320 A.2d 752

STATE of Delaware v. Ted GULA. STATE of Delaware v. Alice MARTIN and Michael F. Clark. STATE of Delaware v. Jean HANEWINCKEL. STATE of Delaware v. Joseph J. DALE.

Superior Court of Delaware, New Castle.

April 19, 1974.

*753Jeffrey M. Weiner, Robert Graham, Deputy Attys. Gen., Dept, of Justice, Wilmington, for the State.

Biggs & Battaglia, and Becker & Kipp, Wilmington, for defendants.

OPINION

O’HARA, Judge.

Each defendant in this matter has been indicted for multiple violations of the Uniform Controlled Substances Act (hereinafter “the Act"), 16 Del.C. Chap. 47. Claiming that no schedule of controlled substances currently exists to sustain prosecution, and that classification of marijuana as a Schedule I controlled substance is unconstitutional, the defendants move separately for dismissal of the indictments for lack of jurisdiction. Superior Court Criminal Rule 12(b), Del.C.Ann.

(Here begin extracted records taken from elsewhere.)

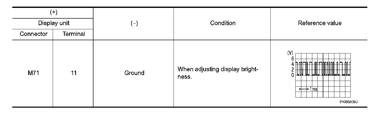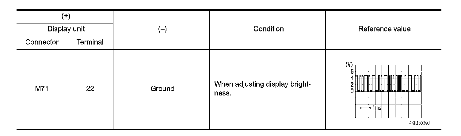 3. Check signal between display unit harness connector and ground.
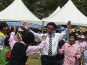 私も、いつの間にか地元の皆さんと一緒に踊り出していました!(撮影は、崔銀淑李光壽夫人) |
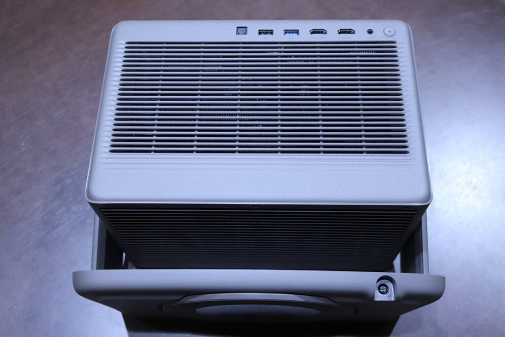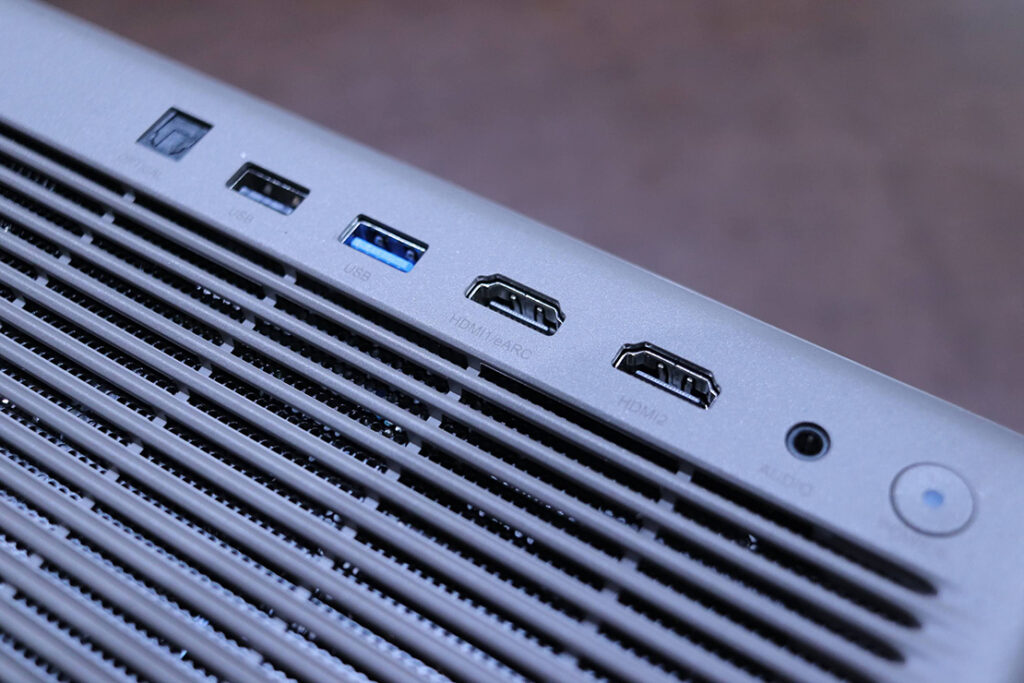 使用時には本体内部の熱を強制的に排出する通気口を備え、入力端子として DC入力 ×1、HDMI ×2(HDMI1は eARC 対応)、USB 3.0 ×1、USB 2.0 ×1 を搭載する。また、出力端子として光デジタル音声出力 ×1、オーディオ出力 ×1 を備える。

The motions were consolidated for briefing and oral argument. At oral argument, in deference to substantial precedent, the defendants abandoned their attack on the constitutionality of classifying marijuana as a Schedule I controlled substance. United States v. Kiffer, 477 F.2d 349 (2nd Cir. 1973); Warren v. State, 52 Ala.App. 35, 288 So.2d 817 (Ala.Cr.App.1973); State v. Tyler, 1525 Cr.A.19701. However, the defendants do continue in their vigorous assertion that no list of controlled substances currently exists which would support prosecution. This novel argument is closely bound up in the procedural scheme of the Act, its prototype (hereinafter sometimes referred to as “the Uniform Act’’) promulgated in 1970 by the National Conference of Commissioners on Uniform Laws, and its federal counterpart, 21 U.S.C.A. § 811 et seq. Of necessity, discussion of defendants’ argument, the State’s position, applicable case law, and the legislation involved will be in some detail.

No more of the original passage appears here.